# Beware: Counterfeit Globals



## castironchef (Oct 10, 2005)

Alas, I find myself the victim of a fraud.

I purchased what was advertised to be a Global G-10 flexible ham/salmon slicer, through a seller on eBay with good feedback.

When it arrived, I just didn't look right and it sure as heck wasn't very sharp. I checked with Global, through their website and they told me that there is a HUGE problem of counterfeit Globals being sold on eBay and in the back doors of professional kitchens.

In my case, the packaging looked good and, at a distance, the knife looks OK, too. In addition to the lack of sharpness, you can see that the honing isn't even all along the blade. After corresponding with Global, I learned that the weight of the knife was off, it didn't have the right markings and its handle was magnetic. True Globals are not.

Fake Rolexes I'd heard of. It never dawned on me that someone would go to the trouble of making fake Globals.

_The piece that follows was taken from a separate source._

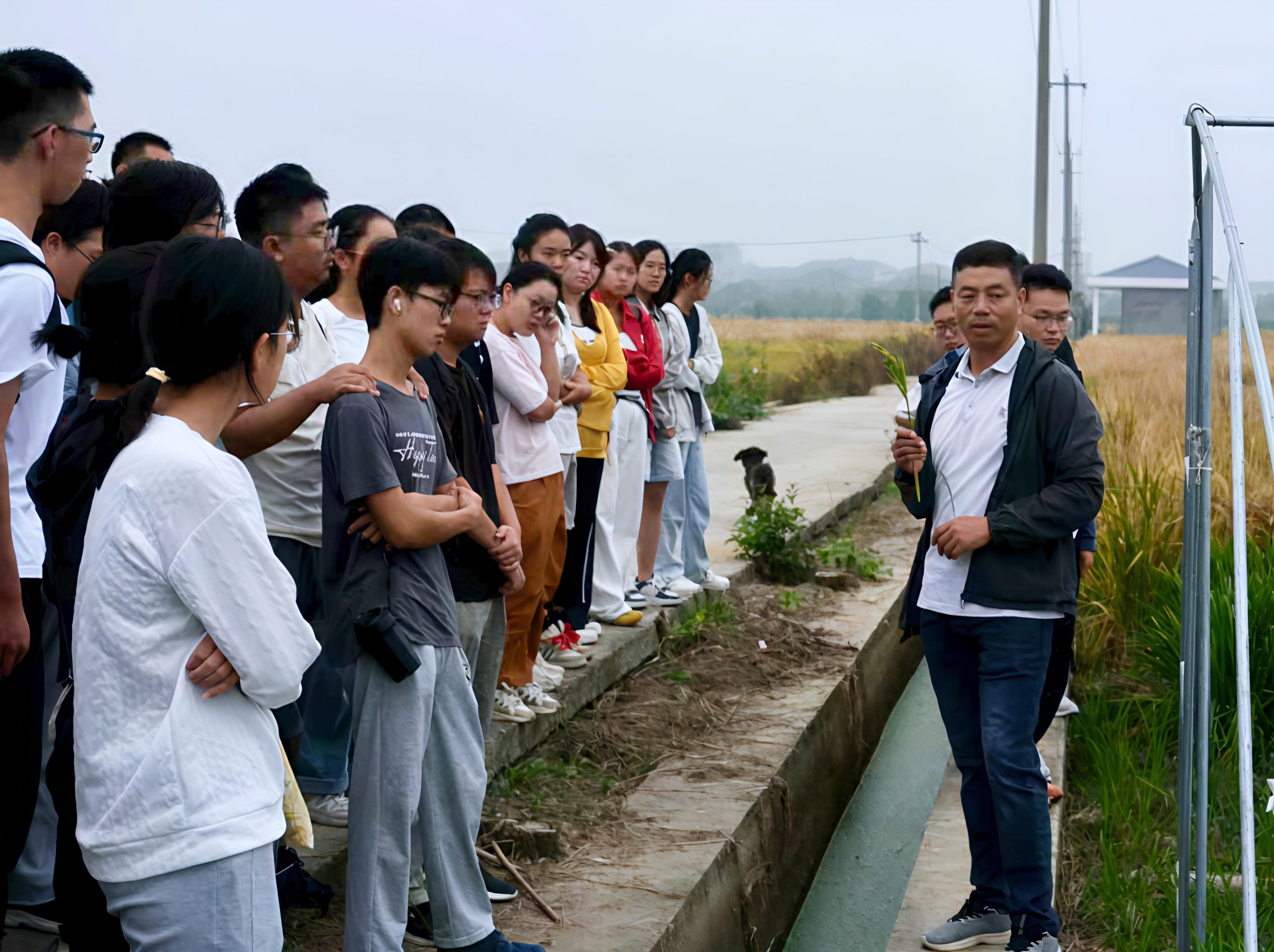 “作为一名生物育种专业的学生,土桥基地参观之旅令我收获颇丰。我不仅了解到三系杂交水稻与两系杂交水稻的培育流程,亦感佩于科研工作者的不畏艰难。”2025级生物育种实验班的金燹翀同学感慨万千,“最让我印象深刻的是,刘老师指着半开玩笑却语带期待地说:‘今年有虫害,所以拍照不是太好看,所以还得靠你们以后来研发抗虫的水稻。’那一刻,我好像明白了未来的努力方向。”

I'm working through PayPal to get a refund, but I wanted to warn others here that this problem exists. It sucks being a sucker.


----------



## web monkey (Jan 18, 2007)

I buy my knives (including Globals) from knifemerchant.com. his prices are excellent, although probably not as good as the counterfeits. 

He's never steered me wrong, and even recommended that I get a Kevlar glove with my Mandolin. Since I occasionally get distracted, the glove is the only reason my nickname isn't "stumpy". 

Terry


----------



## fiveiron (Jan 26, 2007)

Ebay can be great or SUCK. I have bought some great stuff, everything from expensive work stations (computer stuff in this case) to global knives. 

The first set of knives I bought where complete global forgeries. I could tell because the grind on the knife was off. It was more like a German grind. The seller had a perfect rating of 40 and no bad feedback. I was able to get my money back from the seller. It is illegal to sell anything counterfeit. Fraud in other words. Even if you are not aware that it is counterfeit. However getting the authorities or getting any legal action is another topic. Your best bet is working through the CC company. 

But I did meet an authentic Global seller on ebay after words and bought my set from him. At great prices, yes these are authentic. If they can't tell you why they are authentic don't buy them. Or if they don't have a return policy then don't buy them.

The amount of global forgeries is amazing.

But personally I think Ebay sucks 70% of the time, but that's my opinion. But the other 30% it has been great deals.


----------